WHAT YOU HAVE TO DO:
Write again exactly the lines in the listing below, starting at the line with "SAMMART 2pcs Kitchen" and ending at the line with "Michiko London Inner", both included. Pictures are not copied.

+++ RECORD EXTRACTS

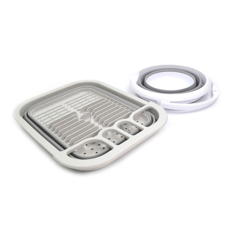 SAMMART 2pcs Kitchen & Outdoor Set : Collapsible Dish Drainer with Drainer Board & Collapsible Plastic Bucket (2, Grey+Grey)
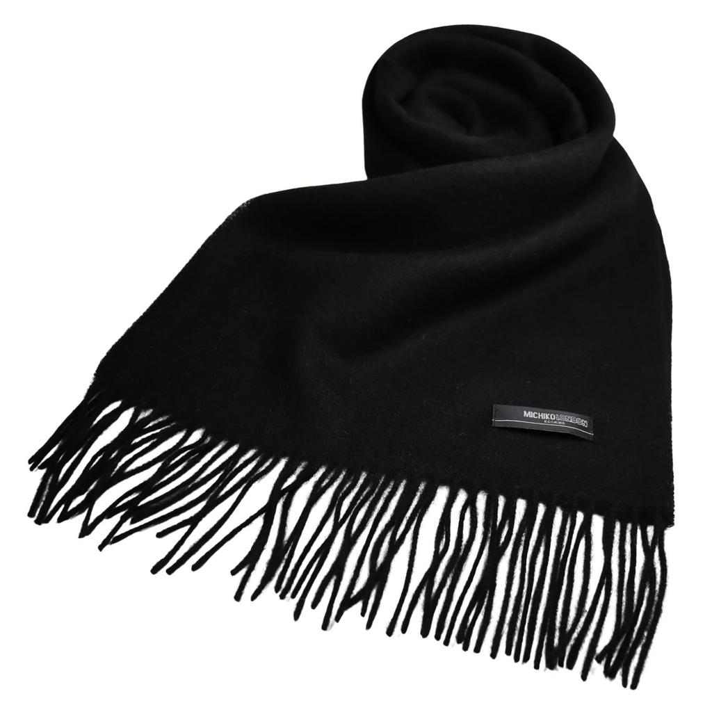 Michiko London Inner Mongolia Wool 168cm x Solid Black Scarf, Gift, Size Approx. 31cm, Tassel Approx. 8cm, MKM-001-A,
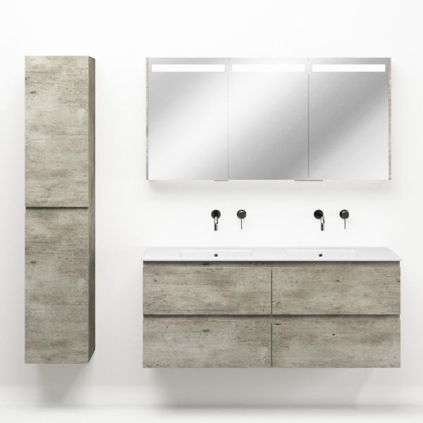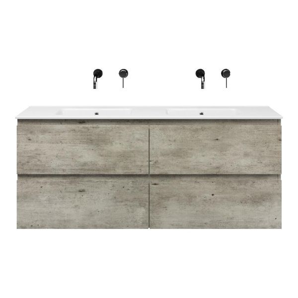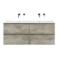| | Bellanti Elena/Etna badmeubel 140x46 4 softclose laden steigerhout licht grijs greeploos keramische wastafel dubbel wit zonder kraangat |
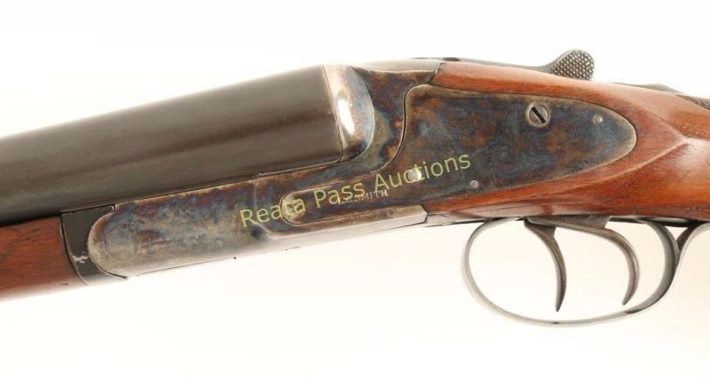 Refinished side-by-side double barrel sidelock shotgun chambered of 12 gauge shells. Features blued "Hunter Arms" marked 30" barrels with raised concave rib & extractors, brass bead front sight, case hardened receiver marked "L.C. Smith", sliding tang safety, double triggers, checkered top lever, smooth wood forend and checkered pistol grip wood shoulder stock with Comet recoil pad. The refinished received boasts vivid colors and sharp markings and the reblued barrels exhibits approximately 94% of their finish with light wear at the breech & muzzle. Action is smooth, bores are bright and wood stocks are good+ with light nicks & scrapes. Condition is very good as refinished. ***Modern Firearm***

++++++
+++ RECORD EXTRACTS

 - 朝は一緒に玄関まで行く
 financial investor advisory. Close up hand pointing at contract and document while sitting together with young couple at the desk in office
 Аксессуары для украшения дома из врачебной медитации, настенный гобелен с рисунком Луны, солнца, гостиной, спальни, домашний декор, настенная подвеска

++++++

EXERCISE RESPONSE:
 SAMMART 2pcs Kitchen & Outdoor Set : Collapsible Dish Drainer with Drainer Board & Collapsible Plastic Bucket (2, Grey+Grey)
 Michiko London Inner Mongolia Wool 168cm x Solid Black Scarf, Gift, Size Approx. 31cm, Tassel Approx. 8cm, MKM-001-A,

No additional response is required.